Ce ne fut pas la fête la plus ancienne, mais elle devint bientôt populaire dans les églises.

Noël ne figurait pas parmi les premières fêtes anciennement célébrées par l’Église. Irénée et Tertullien l’omettent dans leur liste de fêtes ; Origène, tenant compte peut-être des déshonorants Natalitia impériaux, affirme (Hom. VIII sur le Lév., dans Migne, Patrologia Graeca, XII, 495) que, dans la Sainte Écriture, seuls les pécheurs, jamais les saints, célébraient la date de leur naissance ; Arnobe (VII, 32, dans Patrologia Latina, V, 1264) va jusqu’à ridiculiser l’« anniversaire » des dieux.

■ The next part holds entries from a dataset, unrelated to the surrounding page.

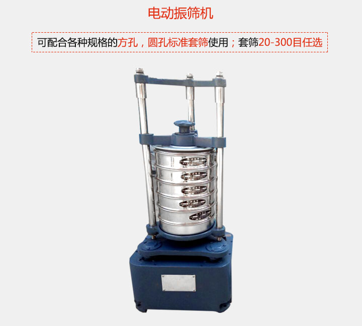 產(chǎn)品簡介:電動振篩機是實驗室中比較常用的篩分設(shè)備,該機可以配合各種規(guī)格的方孔,圓孔標(biāo)準套篩進行使用,套篩從20-300目任選。
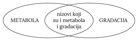26 Gradacija se može definirati i kao »napredovanje po kriteriju intenziteta«, a hiperbola kao »zamena po veličini i po intenzitetu« u okviru leksičkosemantičkog funkcioniranja riječi (Grickat, 1967:220).
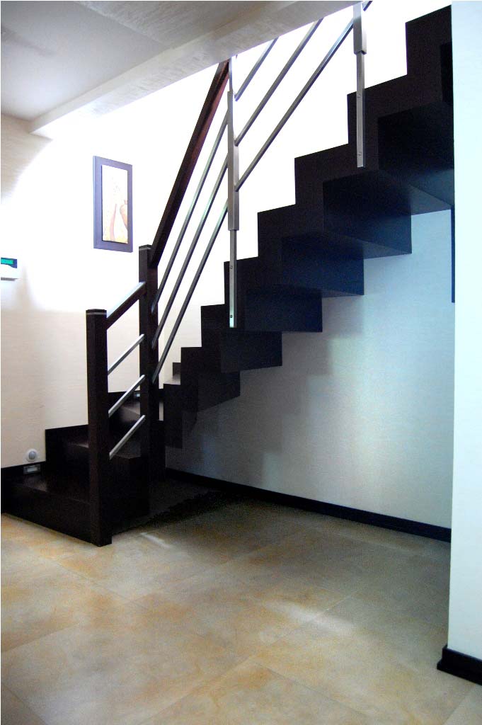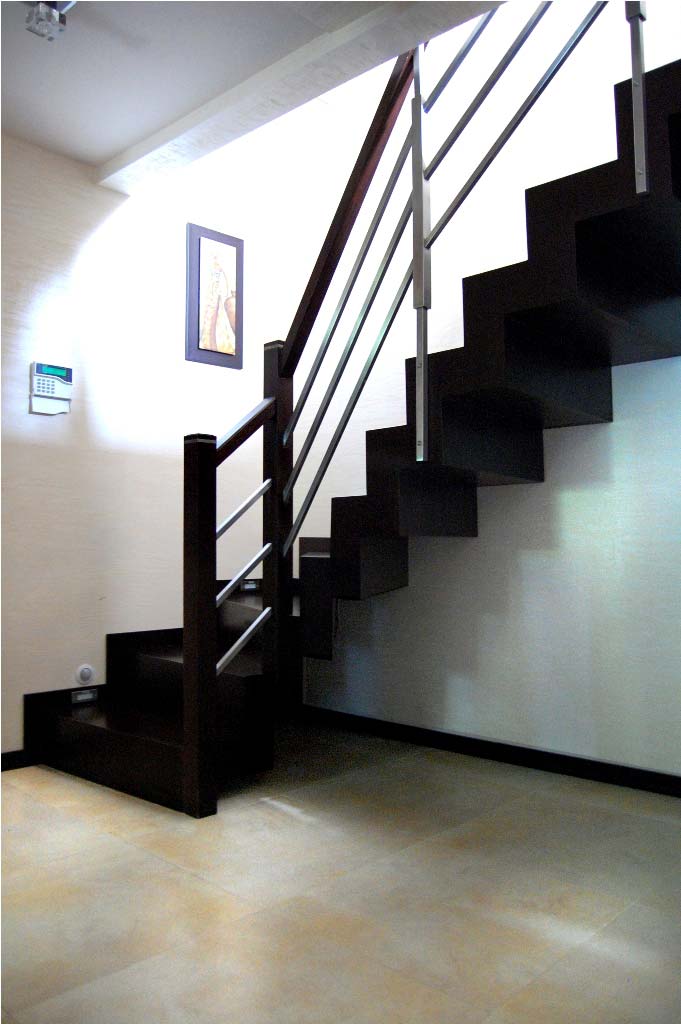 Nowoczesne schody dywanowe SP053 Nowoczesne schody dywanowe. Balustrada stal szlachetna z drewnianym pochwytem. Drewno venge. Projekt i wykonanie Schody Prudlik. Model: SP053

La première preuve de cette fête, nous la trouvons en Égypte. Vers l’an 200 apr. J.-C., Clément d’Alexandrie (Strom., I, XXI, dans P.G., VIII, 888) dit que certains théologiens égyptiens indiquent, « d’une manière assez curieuse », non seulement l’année, mais aussi le jour de la naissance du Christ, le plaçant au 25 de Pachon (20 mai), dans la vingt-huitième année du règne d’Auguste. Ideler (Chron., II, 397, N.) pense qu’ils firent ainsi parce qu’ils croyaient que le neuvième mois où naquit le Christ était le neuvième mois de leur propre calendrier. D’autres déclarent que la date fut le 24 ou le 25 de Pharmuthi (19 ou 20 avril). Clément, dans son ouvrage « De paschæ computus », écrit en 243 et faussement attribué à Cyprien (P.L., IV, 963 ss.), donne comme date de la naissance du Christ le 28 mars, jour où le soleil matériel fut créé. Mais Lupi a démontré (Zaccaria, Dissertazioni ecc. del p. A. M. Lupi, Faenza, 1785, p. 219) qu’il n’existe pas un mois de l’année auquel de respectables autorités n’aient assigné la date de la naissance du Christ. Clément, cependant, nous dit aussi que les basilidiens célébraient l’Épiphanie et, probablement avec cette fête, la Nativité du Christ, le 15 ou le 11 de Tybi (10 ou 6 janvier).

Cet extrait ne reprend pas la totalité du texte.